▸ ACTION ITEM:
Restate, word for word, the run of lines that starts at the line containing "意味不明あだ名 | 『自称みいみいたも』 |" and ends with the final line of the listing. Leave pictures out.

- Opening Delimiter -

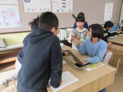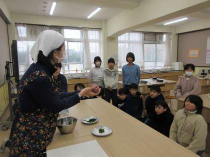 栄養教諭の先生の授業で「おいしい」ってなんだろうのテーマで五感を使って、味わい、おいしさのひみつを見つけることにチャレンジしました。「うまみ」を池田博士が発見したことや、昆布やかつお節が手間をかけて作られていることを知りました。そして利尻昆布や干ししいたけ、かつお節の香りを楽しみました。
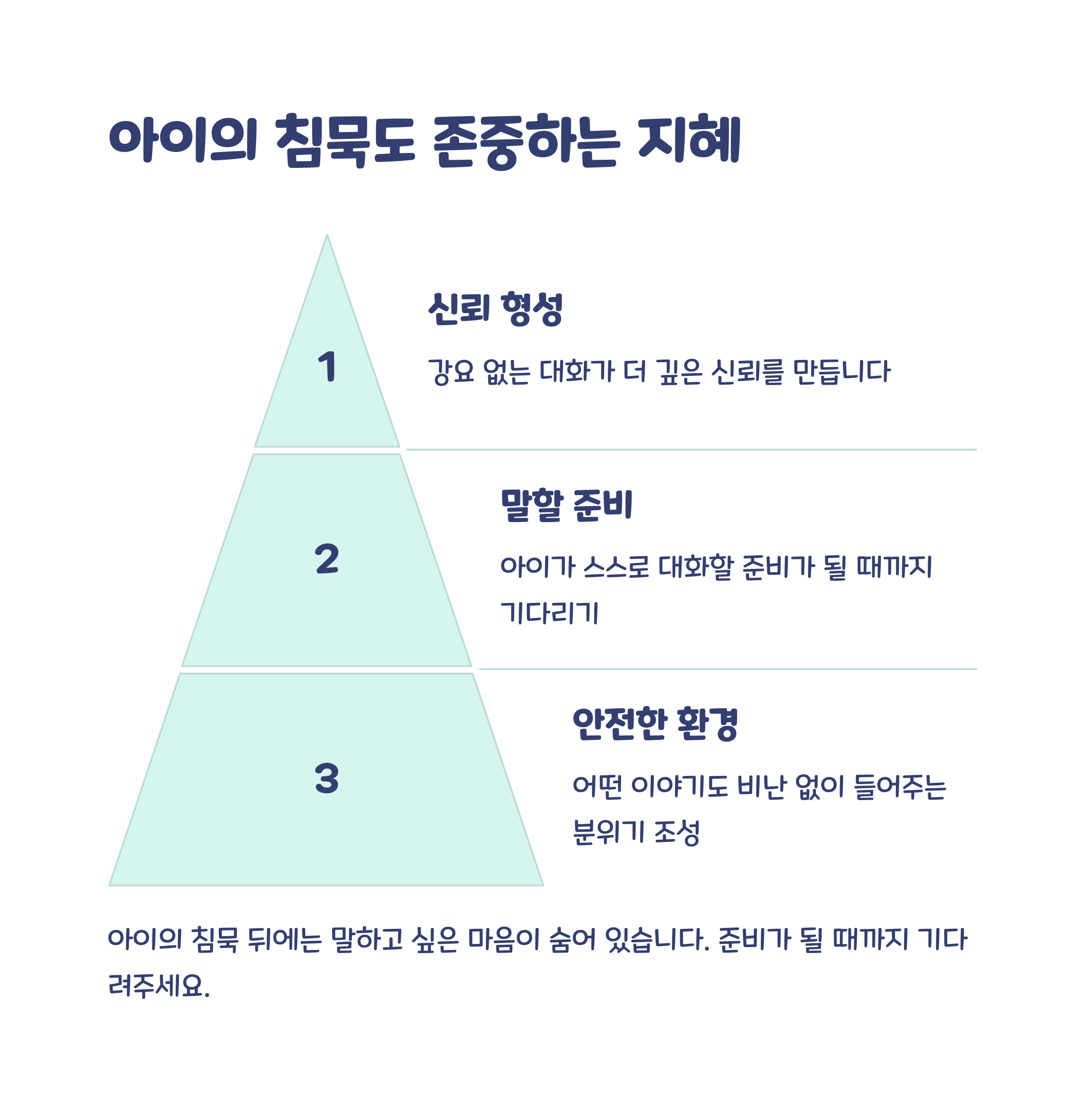일단 아이의 기분을 인정하고 기다려 주세요. “말하고 싶지 않구나”라며 존중하면 오히려 아이가 마음을 열고 나중에 먼저 다가올 수 있습니다.
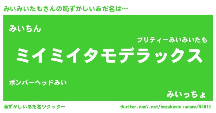 | 意味不明あだ名 | 『自称みいみいたも』 |
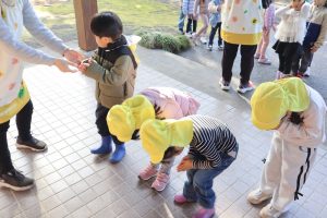 私たちは、ひまわりさんと手をつなぎます😊
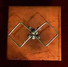 Периметр каждого квадрата равен длине волны, на которую настроен приём. Диаметр проволоки для 1-5 телевизионных каналов должен быть около 12 см. Поэтому для радиосвязи и телевидения метрового диапазона (1-12 каналы) она получается очень громоздкой. Для облегчения конструкции использовалась прокладка тремя проводами меньшего сечения, но всё равно она имела большой вес и габариты.
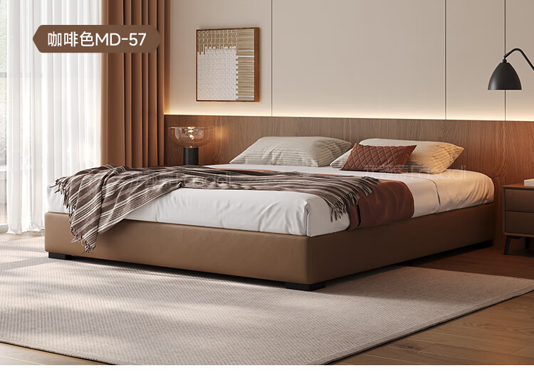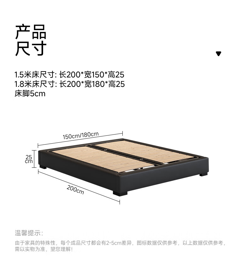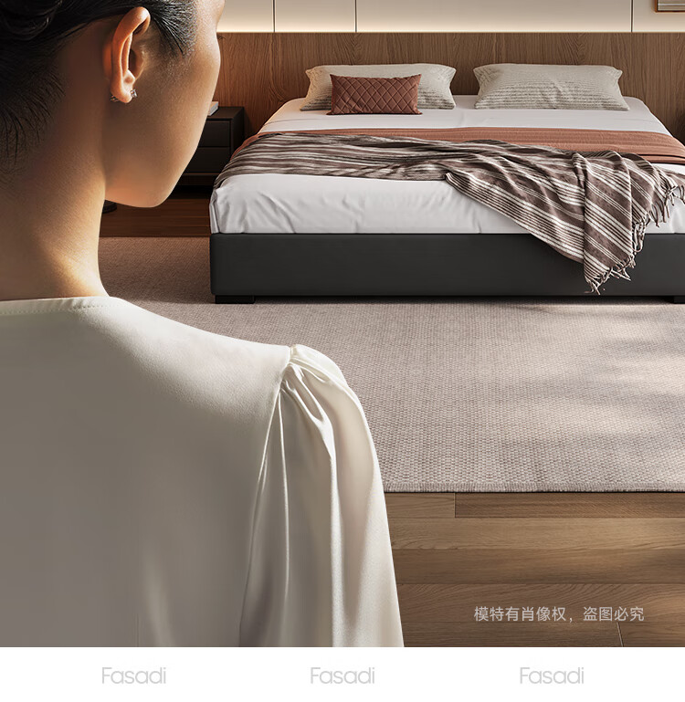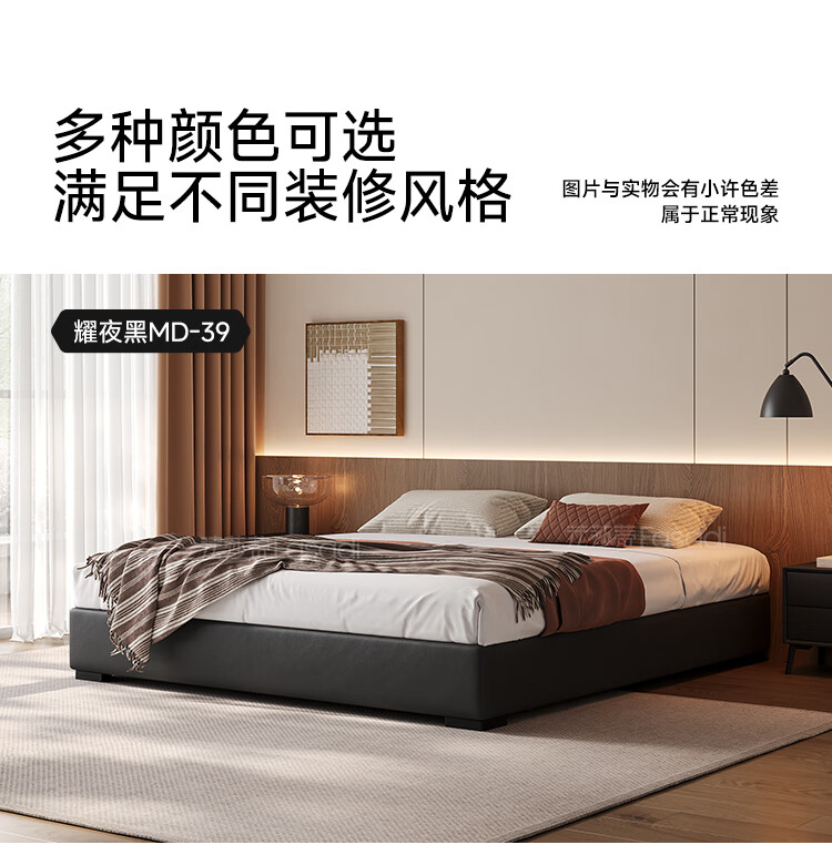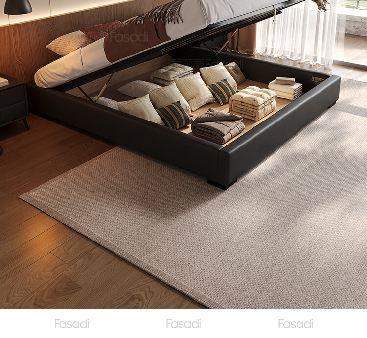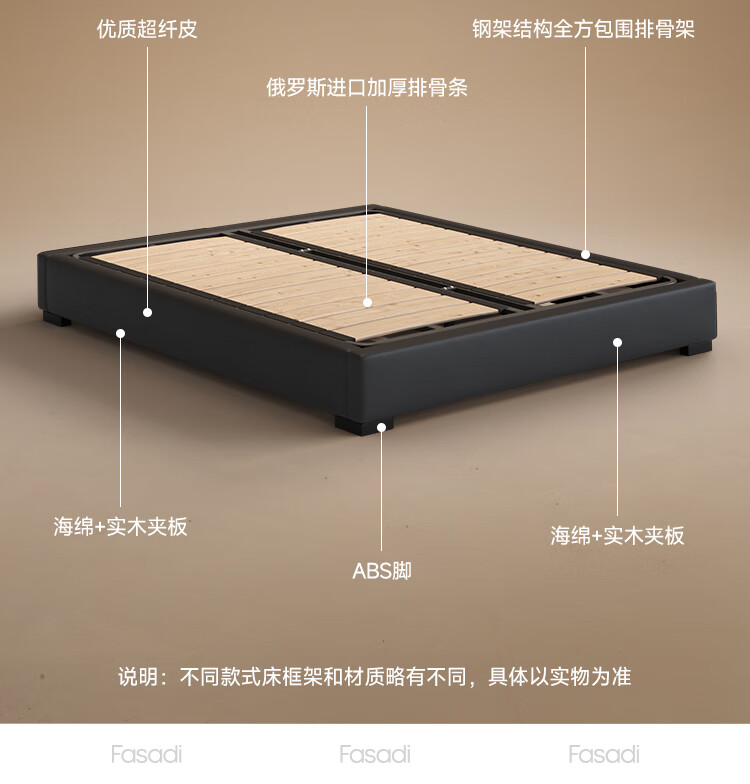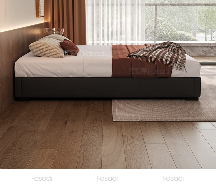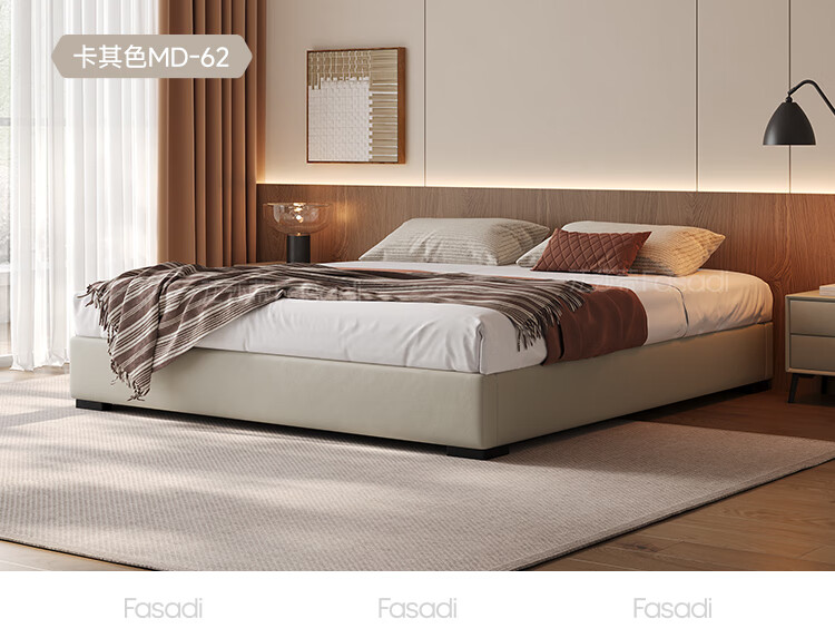 Fasati no bedside master bedroom small apartment floor-standing Italian minimalist leather bed light luxury modern simple backless bed single bed + coconut palm mattress + single cabinet (flagship version 20cm ribbed frame) 1.8*2m frame structure

- Closing Delimiter -

▸ RESPONSE:
 | 意味不明あだ名 | 『自称みいみいたも』 |
 私たちは、ひまわりさんと手をつなぎます😊
 Периметр каждого квадрата равен длине волны, на которую настроен приём. Диаметр проволоки для 1-5 телевизионных каналов должен быть около 12 см. Поэтому для радиосвязи и телевидения метрового диапазона (1-12 каналы) она получается очень громоздкой. Для облегчения конструкции использовалась прокладка тремя проводами меньшего сечения, но всё равно она имела большой вес и габариты.
 Fasati no bedside master bedroom small apartment floor-standing Italian minimalist leather bed light luxury modern simple backless bed single bed + coconut palm mattress + single cabinet (flagship version 20cm ribbed frame) 1.8*2m frame structure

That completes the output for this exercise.